Recurrent Outbursts and Jet Ejections Expected in Swift J1644+57: Limit-Cycle Activities in a Supermassive Black Hole

TL;DR

This study models the limit-cycle oscillations in Swift J1644+57 caused by accretion state transitions around a supermassive black hole, explaining observed X-ray flux drops and predicting future jet ejections.

Contribution

It introduces radiation hydrodynamic simulations of accretion disk transitions, revealing the mechanisms behind outbursts and jet ejections in tidal disruption events.

Findings

Transition from slim disk to Shakura-Sunyaev disk explains X-ray flux drop.

Accretion state cycles can lead to recurrent jet ejections.
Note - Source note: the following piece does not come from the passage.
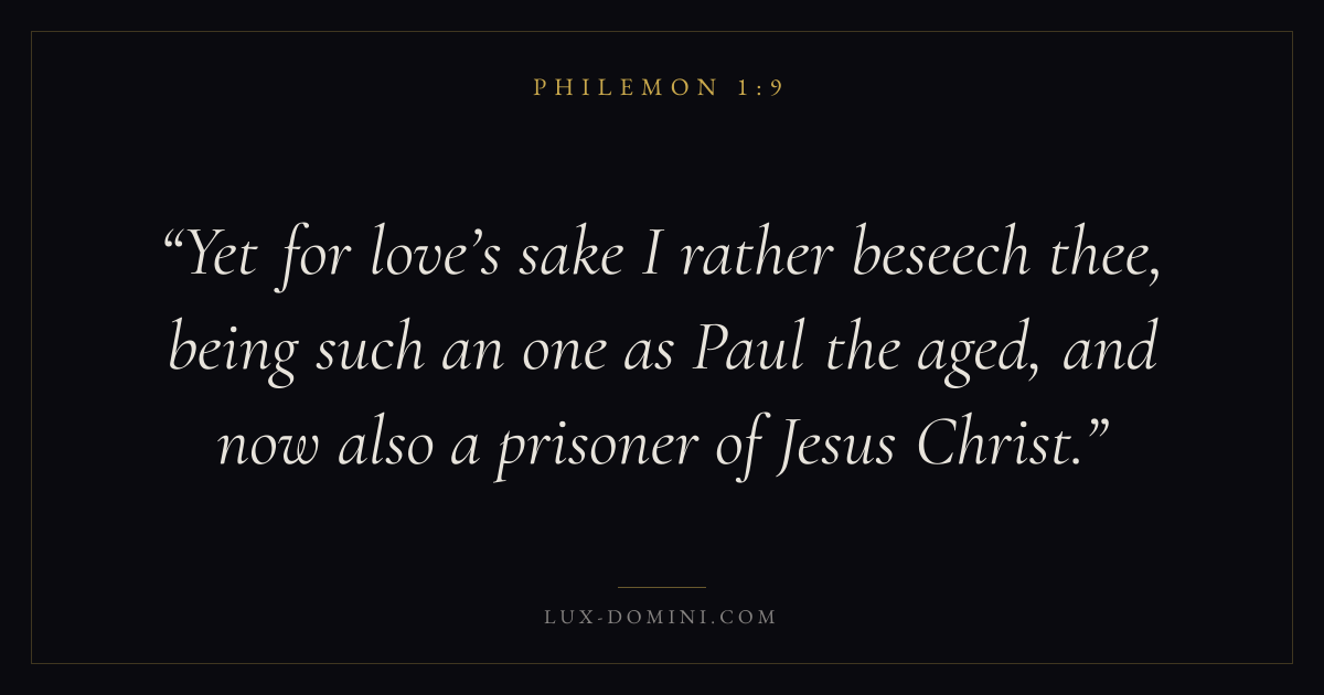 Yet for love’s sake I rather beseech thee, being such an one as Paul the aged, and now also a prisoner of Jesus Christ.
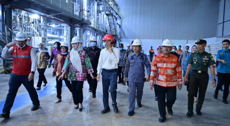 Wabup Netta didampingi sejumlah Kepala OPD seperti, Kepala Dinas Ketahanan Pangan, Masita Liana, S.P., Kepala Dinas Koperindag dan UMKM, Ir. Alfian, M.M., Kabag Kesra, H. Sashadiman Ralibi, S.Ag., M.Si., dan Inspektur Banyuasin Ir. Zakirin, S.P., M.M., CGCAE., mengecek pabrik penggilingan dan pengemasan sejumlah dengan merk dagang beras premiun milik Wilmar.

Predicted revival of X-ray emission and jets in 2013-2014.

Abstract

The tidal disruption event by a supermassive black hole in Swift J1644+57 can trigger limit-cycle oscillations between a supercritically accreting X-ray bright state and a subcritically accreting X-ray dim state. Time evolution of the debris gas around a black hole with mass $M=10^{6} {\MO}$ is studied by performing axisymmetric, two-dimensional radiation hydrodynamic simulations. We assumed the $\alpha$-prescription of viscosity, in which the viscous stress is proportional to the total pressure. The mass supply rate from the outer boundary is assumed to be ${\dot M}_{\rm supply}=100L_{\rm Edd}/c^2$, where $L_{\rm Edd}$ is the Eddington luminosity, and $c$ is the light speed. Since the mass accretion rate decreases inward by outflows driven by radiation pressure, the state transition from a supercritically accreting slim disk state to a subcritically accreting Shakura-Sunyaev disk starts from the inner disk and propagates outward in a timescale of a day. The sudden drop of the X-ray flux observed in Swift J1644+57 in August 2012 can be explained by this transition. As long as ${\dot M}_{\rm supply}$ exceeds the threshold for the existence of a radiation pressure dominant disk, accumulation of the accreting gas in the subcritically accreting region triggers the transition from a gas pressure dominant Shakura-Sunyaev disk to a slim disk. This transition takes place at $t {\sim}~50/({\alpha}/0.1)$ days after the X-ray darkening. We expect that if $\alpha > 0.01$, X-ray emission with luminosity $\gtrsim 10^{44}$ ${\rm erg}{\cdot}{\rm s}^{-1}$ and jet ejection will revive in Swift J1644+57 in 2013--2014.